**PROVIDED DATA**:
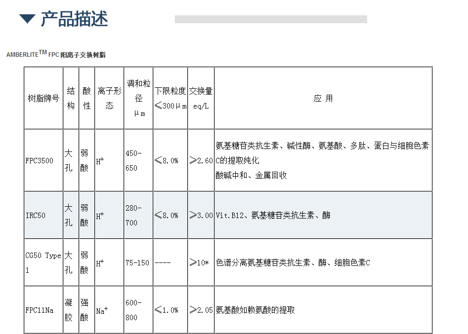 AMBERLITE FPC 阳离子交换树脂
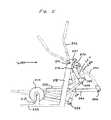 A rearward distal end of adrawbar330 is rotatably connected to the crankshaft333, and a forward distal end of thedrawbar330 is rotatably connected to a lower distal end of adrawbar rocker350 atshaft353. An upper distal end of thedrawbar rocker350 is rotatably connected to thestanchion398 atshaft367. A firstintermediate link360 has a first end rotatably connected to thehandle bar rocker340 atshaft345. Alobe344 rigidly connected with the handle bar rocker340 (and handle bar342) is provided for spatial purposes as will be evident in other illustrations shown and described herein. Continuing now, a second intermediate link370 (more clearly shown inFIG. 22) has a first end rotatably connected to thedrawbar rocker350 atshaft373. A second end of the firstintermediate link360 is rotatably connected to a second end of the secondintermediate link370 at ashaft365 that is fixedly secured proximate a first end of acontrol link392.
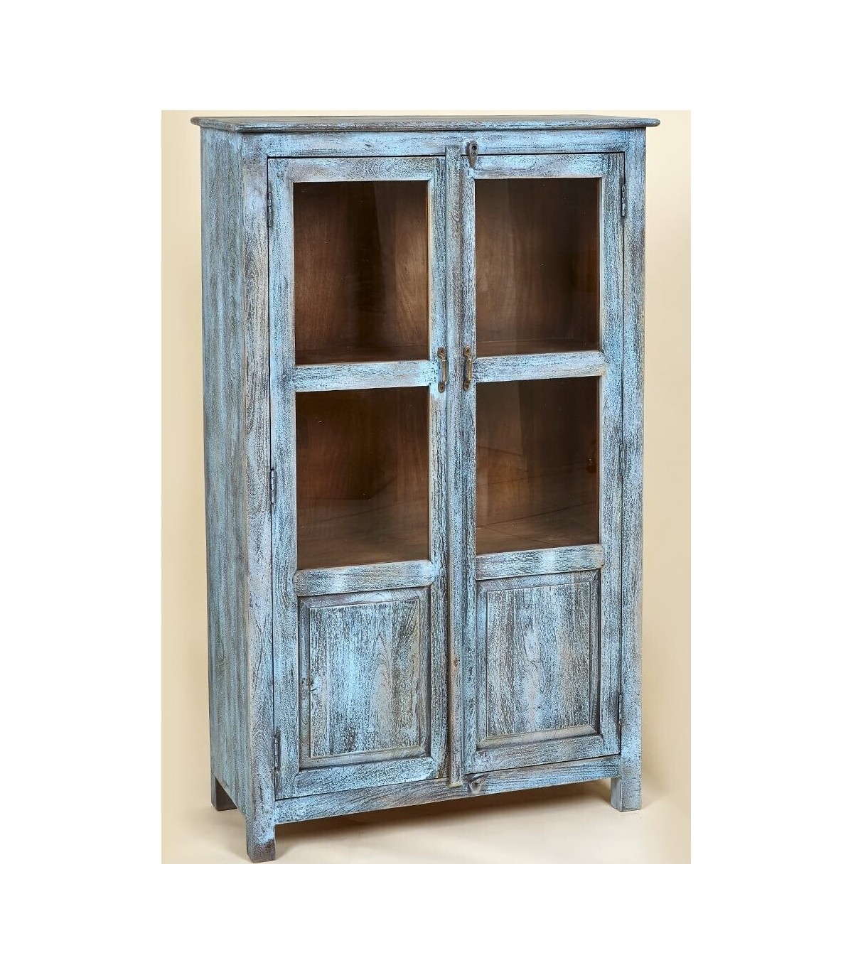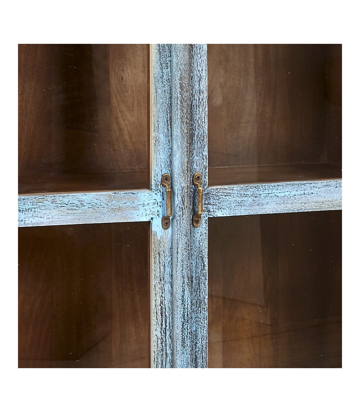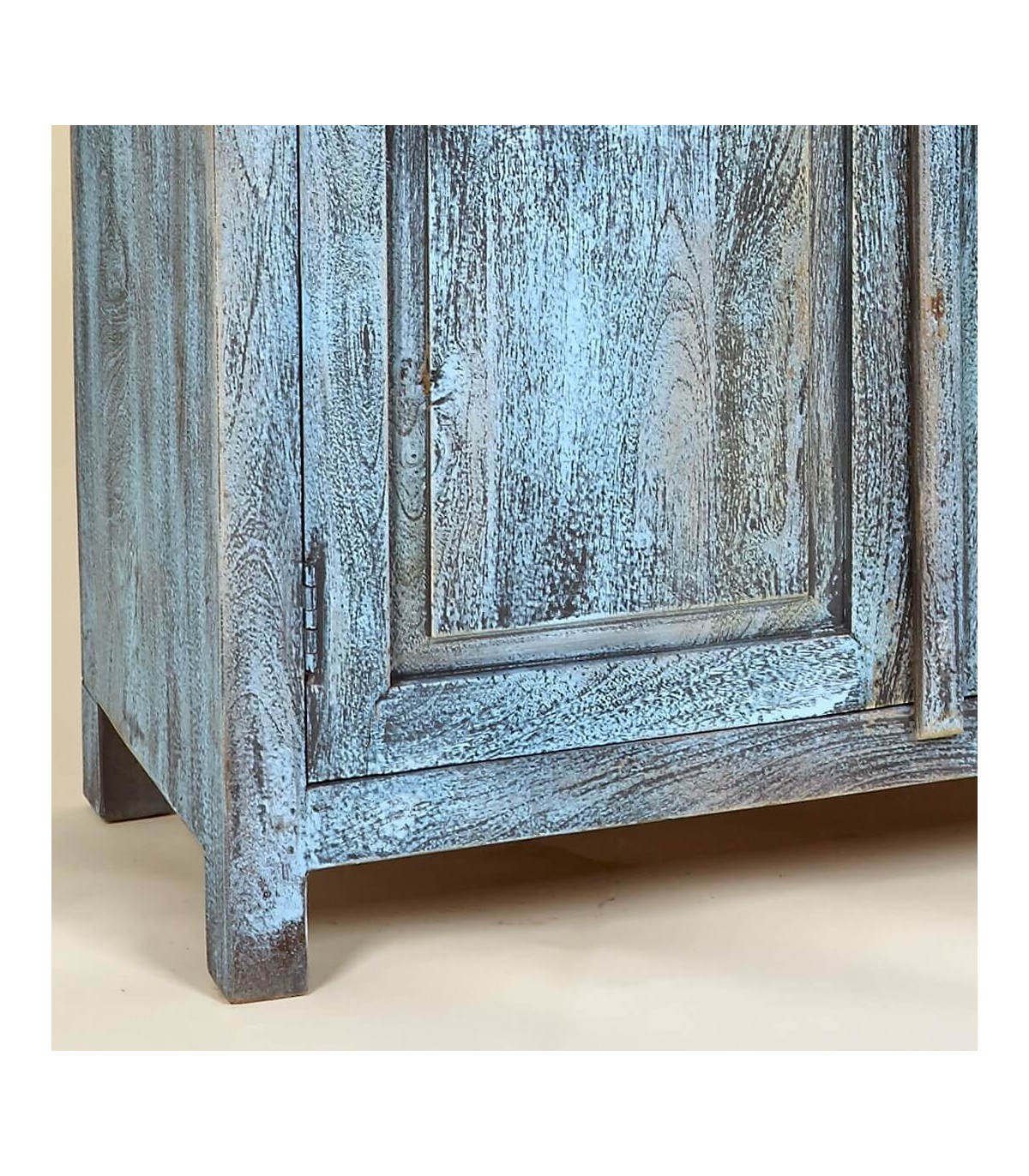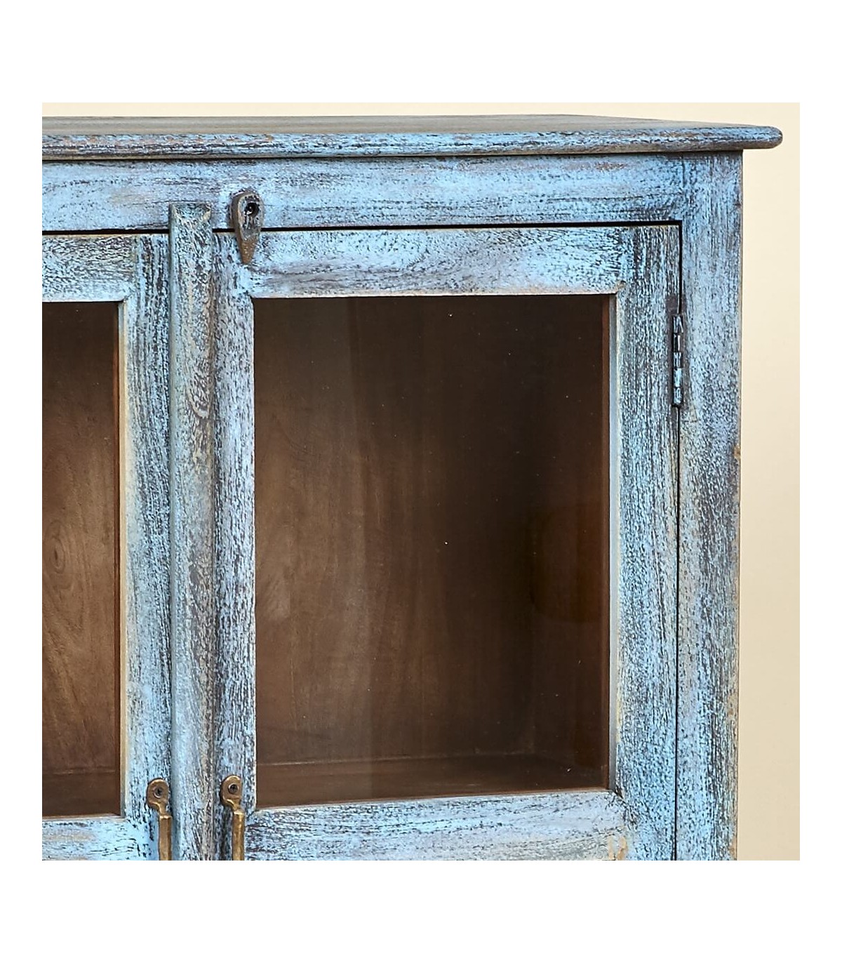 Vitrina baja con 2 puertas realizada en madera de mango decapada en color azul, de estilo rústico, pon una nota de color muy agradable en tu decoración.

**WHAT THE TASK ASKS**:
Please print the entire listing again exactly, minus its images.

**REPLY**:
 AMBERLITE FPC 阳离子交换树脂
 A rearward distal end of adrawbar330 is rotatably connected to the crankshaft333, and a forward distal end of thedrawbar330 is rotatably connected to a lower distal end of adrawbar rocker350 atshaft353. An upper distal end of thedrawbar rocker350 is rotatably connected to thestanchion398 atshaft367. A firstintermediate link360 has a first end rotatably connected to thehandle bar rocker340 atshaft345. Alobe344 rigidly connected with the handle bar rocker340 (and handle bar342) is provided for spatial purposes as will be evident in other illustrations shown and described herein. Continuing now, a second intermediate link370 (more clearly shown inFIG. 22) has a first end rotatably connected to thedrawbar rocker350 atshaft373. A second end of the firstintermediate link360 is rotatably connected to a second end of the secondintermediate link370 at ashaft365 that is fixedly secured proximate a first end of acontrol link392.
 Vitrina baja con 2 puertas realizada en madera de mango decapada en color azul, de estilo rústico, pon una nota de color muy agradable en tu decoración.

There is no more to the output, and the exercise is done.